Calling a jar file from Python using JPype-total newbie query

Question

So I have been using subprocess.call to run a jar file from Python as so:

subprocess.call(['java','-jar','jarFile.jar',-a','input_file','output_file'])

where it writes the result to an external output_file file. and -a is an option.

I now want to analyse output_file in python but want to avoid opening the file again. So I want to run jarFile.jar as a Python function, like:

output=jarFile(input_file)

I have installed JPype and got it working, I have set the class path and started the JVM environment:

import jpype

classpath="/home/me/folder/jarFile.jar"

jpype.startJVM(jpype.getDefaultJVMPath(),"-Djava.class.path=%s"%classpath)

and am now stuck...

Answer 1

java -jar jarFile.jar executes the main method of a class file that is configured in the jar's manifest file.

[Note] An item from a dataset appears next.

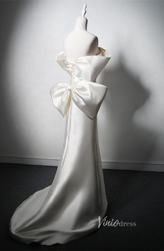 Ivory Smooth Satin Mermaid Prom Dresses with Removable Bow Tie Off the Shoulder AD1209
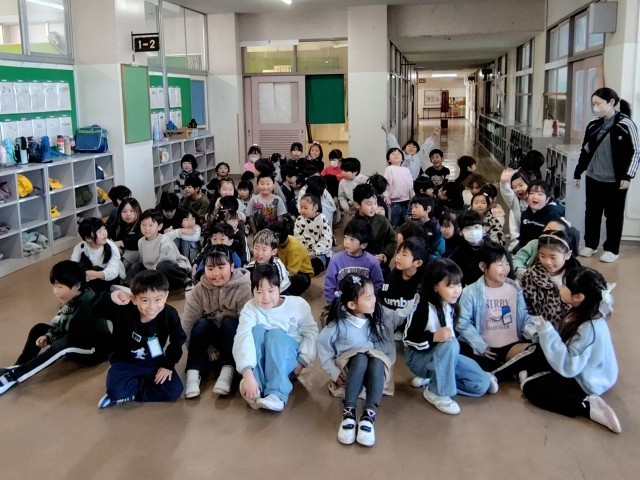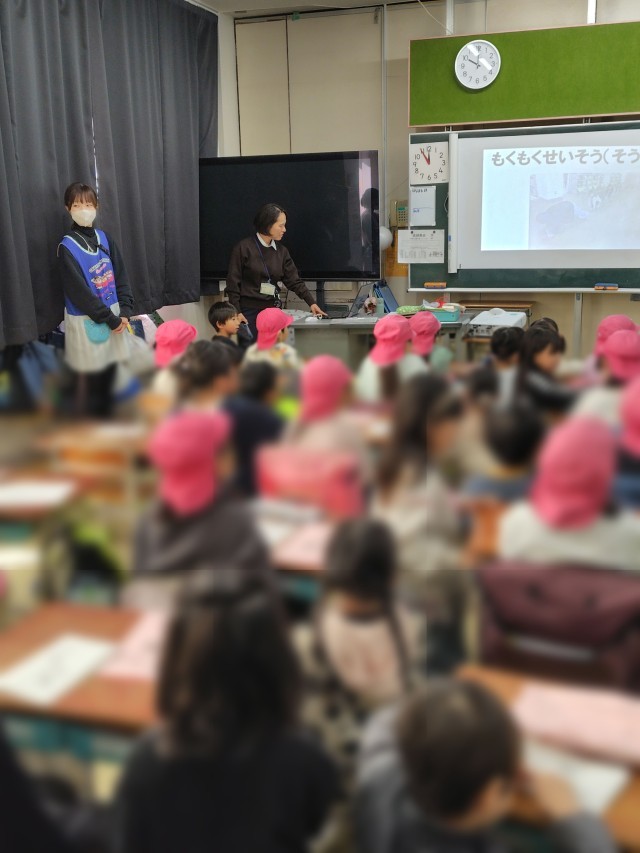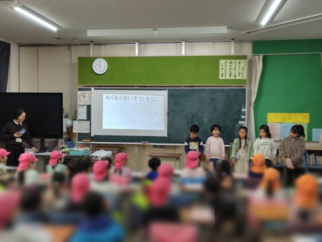 1年生がオープンスペースで保育園のみなさんを出迎えます。今日は毎年行っている交流会の日です。ひなた保育園、多摩こばと保育園、わらべ宇津木台保育園の年長さんたちが来てくれました。

You find that class name if you extract the jar file's META-INF/MANIFEST.MF (open the jar with any zip tool). Look for the value of Main-Class. If that's for instance com.foo.bar.Application you should be able to call the main method like this

def jarFile(input_file):
    # jpype is started as you already did
    assert jpype.isJVMStarted()
    tf = tempfile.NamedTemporaryFile()
    jpype.com.foo.bar.Application.main(['-a', input_file, tf.name])
    return tf

(I'm not sure about the correct use of the tempfile module, please check yourself)